To transfer to UCI’s program, inmates must first have their A.A., maintain a 3.5 GPA and meet other qualifications. It’s anticipated that some 25 students in Southwestern’s program will transfer to UCI’s B.A. program, with the prospect of graduating in 2024.
“We’re viewing the sociology B.A. as a proof-of-concept project,” Reiter says, “to show that if this is possible for one group, then it will be readily replicable across other degrees and other UC campuses.”
The timing for the program is propitious. Since 2014, the state has funded community college programs that offer A.A. degrees in correctional facilities. A few state universities have developed B.A. programs as well.
LIFTED also aligns with the recent national focus on prison reform and with federal Pell Grants again being made available to the incarcerated. And it doesn’t hurt that there’s a move to allow prisoners greater access to technology.
Brant Choate, director of rehabilitative programs in California’s Department of Corrections and Rehabilitation, is one of the officials working with UCI on the LIFTED project. Regarding access to technology, he says: “Even back in 2014, community colleges were putting all their courseware online, and students submitted assignments online.
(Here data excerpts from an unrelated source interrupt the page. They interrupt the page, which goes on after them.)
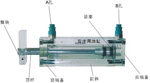 2、双作用油缸的缸体,端盖,行程撞块,撞块支承等均采用了进口透明有机玻璃材料。顶杆采用了45#中碳钢,并配合油接头,密封圈,内六角螺丝等标准件精制而成。能通过它明确地观察活塞、顶杆、油封、油孔等结构及其运行过程。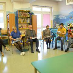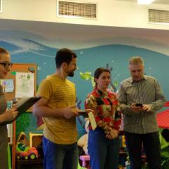 Do czytania tej historii z morałem z pełnym zaangażowaniem przystąpili: doktor Grażyna Karolczyk, społecznik Jerzy Pyrek, a także Mateusz Witek oraz rzecznik prasowy Wojewódzkiego Szpitala Zespolonego Anna Mazur-Kałuża. Pod koniec spotkania mieliśmy możliwość wysłuchania fragmentu bajki w języku hiszpańskim, który przeczytała Laura Gómez Domínguez, nasz specjalny gość z Hiszpanii. Spotkanie było okazją nie tylko do wysłuchania ciekawej lektury, ale także do interesujących rozmów i zabaw. Wszystkim bardzo się podobało i już czekamy na kolejne.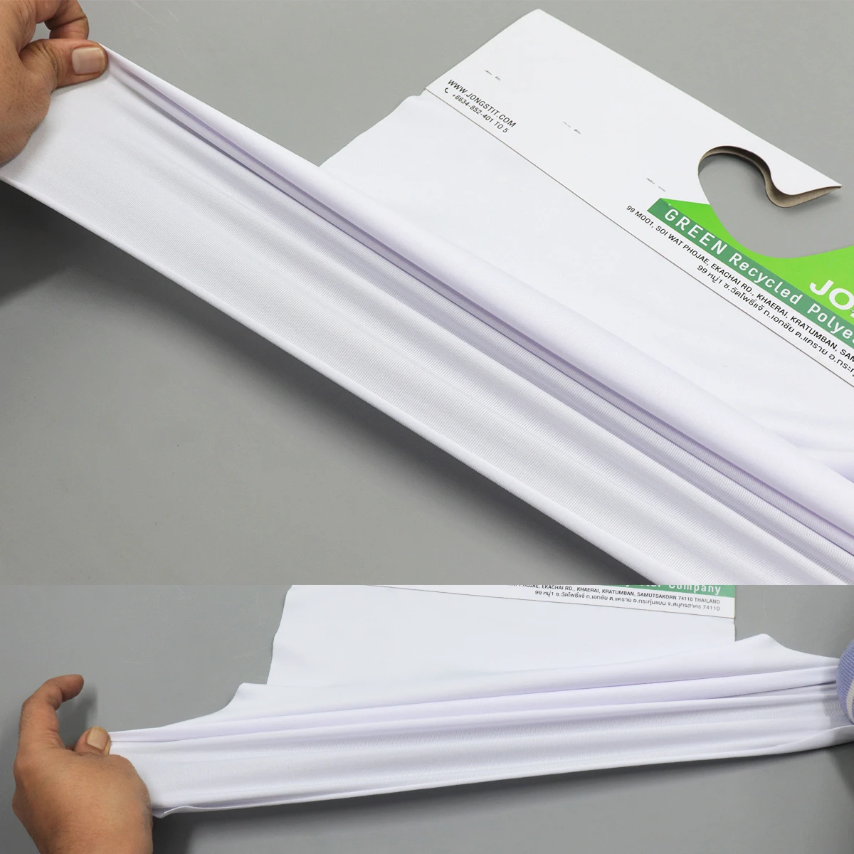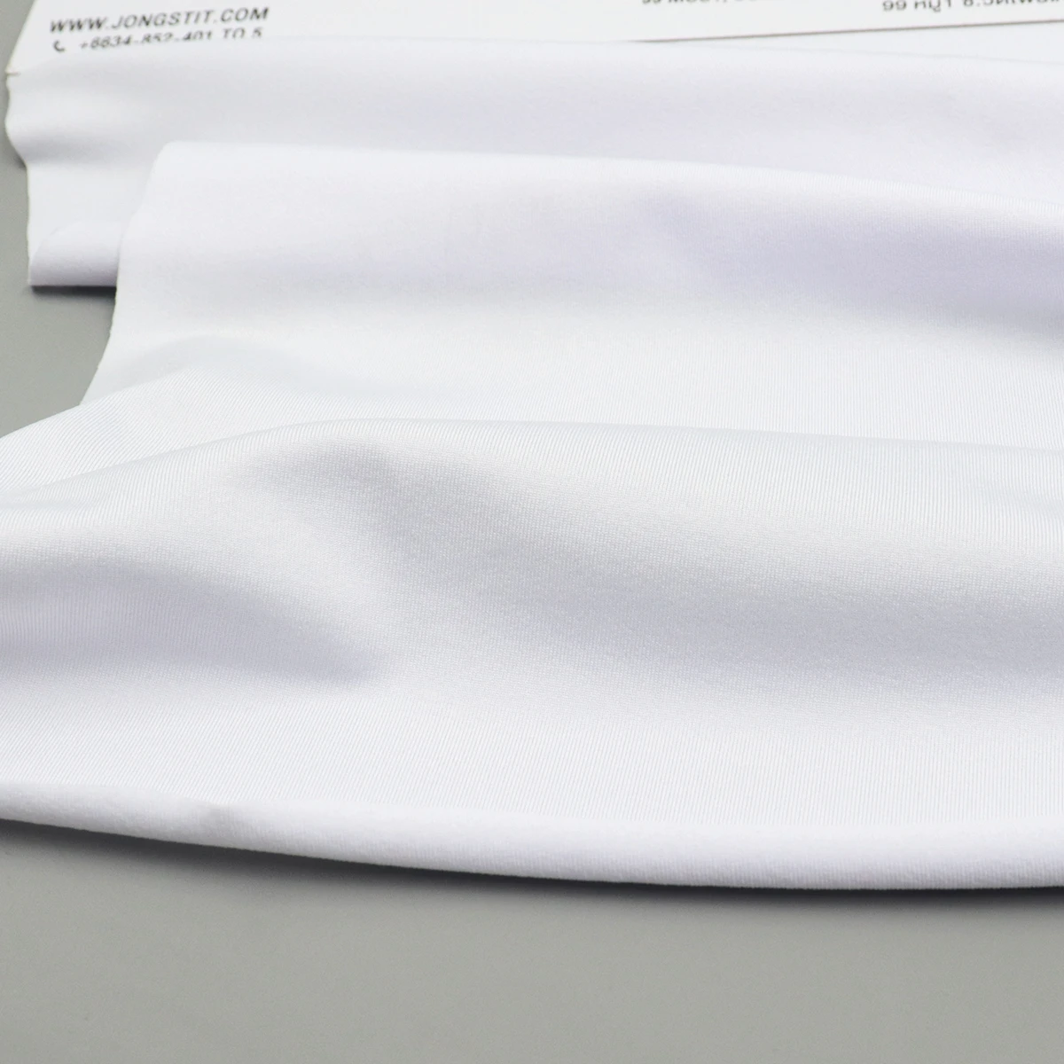 ผ้าสแปนเด็กซ์ Circular knit โพลีเอสเตอร์ 89% สแปนเด็กซ์ 11% ผ้ายืดหยุ่นดีมาก ยืดได้มาก 3-5 เท่า หดกลับมาเหมือนเดิมไม่ย้วย ผ้าสแปนเด็กซ์ เนื้อผ้ามีความโดดเด่นในเรื่องการระบายเหงื่อได้ดี ไม่หนา ไม่บาง ความหนากำลังดี ผ้าสามารถผ่านการพิมพ์ได้ทุกรูปแบบ เช่น ซับลิเดมชั่น ทรานเฟอร์ เหมาะสำหรับสินค้าที่ต้องการความยืด ชุดรัดรูป เสื้อ กางเกง ชุดชั้นใน กางเกงชั้นใน ก็สามารถทำได้

But when they came into the prisons, I essentially told them, ‘Your students here only have a golf pencil and are going to write their papers by hand. We can probably provide some chalk for you and that’s about it.’
“By the time UCI starts at Donovan, the students will have their own laptop computers and will be able to access learning management systems and upload their assignments.”
It takes money and effort to launch a program like LIFTED. But the goal is to have a positive societal outcome, and there are indications that such initiatives are working.
“I view it as a public safety matter,” Choate says. “When somebody comes back to your community with a bachelor’s degree, they don’t commit crimes. They don’t go back to prison.
“National studies and our own internal numbers tell us that somebody with a high school diploma is 50 percent less likely to recidivate. Only 3 to 4 percent with an A.A. degree do. If they have a bachelor’s degree, they just basically don’t come back.”
He adds, “The experience provides convicts with the critical thinking skills to navigate life, and that’s the most important thing when they get out and are faced with life’s challenges.”
And the investment is less than the price of recidivism. “We spend an immense amount of money on incarceration in California, and we know that hasn’t worked that well,” Reiter says. “A third of the people in the state system recidivate. Keeping someone in prison in this state costs an estimated $70,000 to $80,000 per person per year. Providing a college education to them is more on the order of $20,000 to $30,000.”
She also stresses that helping convicts realize their potential can lead to advanced degrees and result in heightened success.
“The experience provides convicts with the critical thinking skills to navigate life, and that’s the most important thing when they get out and are faced with life’s challenges.”
“A key aspect about the UCs being involved is that it opens the pathways to graduate school,” Reiter says. “I do a lot of work on our campus advising formerly incarcerated students who are earning graduate degrees. The more education you put between yourself and your criminal record, the lower the stigma – and the greater the number of people with criminal records who end up in positions where they’re able to contribute more to society.”